Calostoma cinnabarinum was thought to be saprotrophic, and has been described in this manner in both scholarly and popular discussions of the species. However, this classification was the result of its taxonomic history and comparisons with saprotrophic fungi that are not closely related. After its assignment to the Sclerodermatineae, a suborder whose members are ectomycorrhizal, its ecological role came into question. In 2007, Andrew Wilson and David Hibbett of Clark University and Eric Hobbie of the University of New Hampshire employed isotopic labeling, DNA sequencing, and morphological analysis to determine that this species is also ectomycorrhizal. Like all mycorrhizal fungi, C. cinnabarinum establishes a mutualistic relationship with the roots of trees, allowing the fungus to exchange minerals and amino acids extracted from the soil for fixed carbon from the host. The subterranean hyphae of the fungus grow a sheath of tissue around the rootlets of the tree. This association is especially beneficial to the host, as the fungus produces enzymes that mineralize organic compounds and facilitate the transfer of nutrients to the tree. The only host trees identified for C. cinnabarinus are Quercus oaks, although related members of Calostoma have been observed to associate with other trees in the family Fagaceae, such as beech.

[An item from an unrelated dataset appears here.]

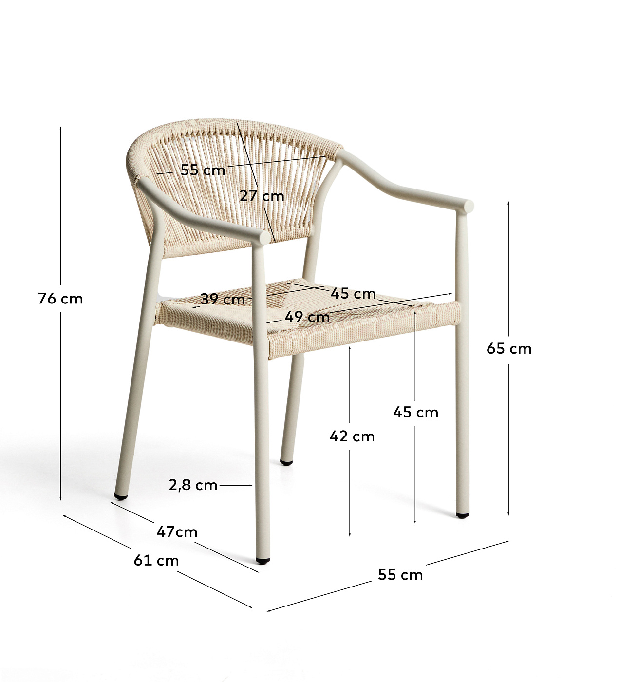 Уличный стул Livadia из бежевого алюминия и веревки

In addition to its required association with oaks, C. cinnabarinum appears to be restricted to wetter forests. Early descriptions of its habitat found it in "rather moist situations" and in "damp woods", and David Arora has more recently described its preference for the humid forests of the southern Appalachians. In contrast, it has not been detected in the dry oak forests of California and is likely also absent from the dry tropical forests of western Costa Rica. In Brazil it has been observed in the sandy soil and drier conditions of the Caatinga and cerrado, although only after periods of heavy rainfall. Its outer layer may provide protection from desiccation. Fruit bodies are most common in the late summer and fall, although spring occurrences are known.

Squirrels have been known to feed on C. cinnabarinum, although its gelatinous coating deters insect predation.

== Uses ==
As with all members of its genus, C. cinnabarinum is generally considered inedible by field guides. Because the fruit bodies begin development underground, they are too tough for consumption by the time they are visible, and their appearance may be considered unappetizing. A study of the cultural practices of mestizo descendants of the Otomi people in Tenango de Doria, Mexico, reported that immature specimens of C. cinnabarinum, known locally as yemitas, were frequently eaten raw in the past, especially by children. Consumption of the species was no longer commonplace, with only five of the 450 locals interviewed familiar with the practice. The gleba of C. cinnabarinum has been described as having a mild taste and, despite a local recollection to the contrary, is not sweet. C. cinnabarinum has also been used in traditional medicine. A 1986 ethnomycological study of native traditions in Veracruz identified this use of huang noono, which locals roasted, then consumed as a powder with mineral water to treat gastrointestinal distress. Unlike these Mexican traditions, Hunan folk beliefs hold that the mushroom is poisonous on account of its bright color.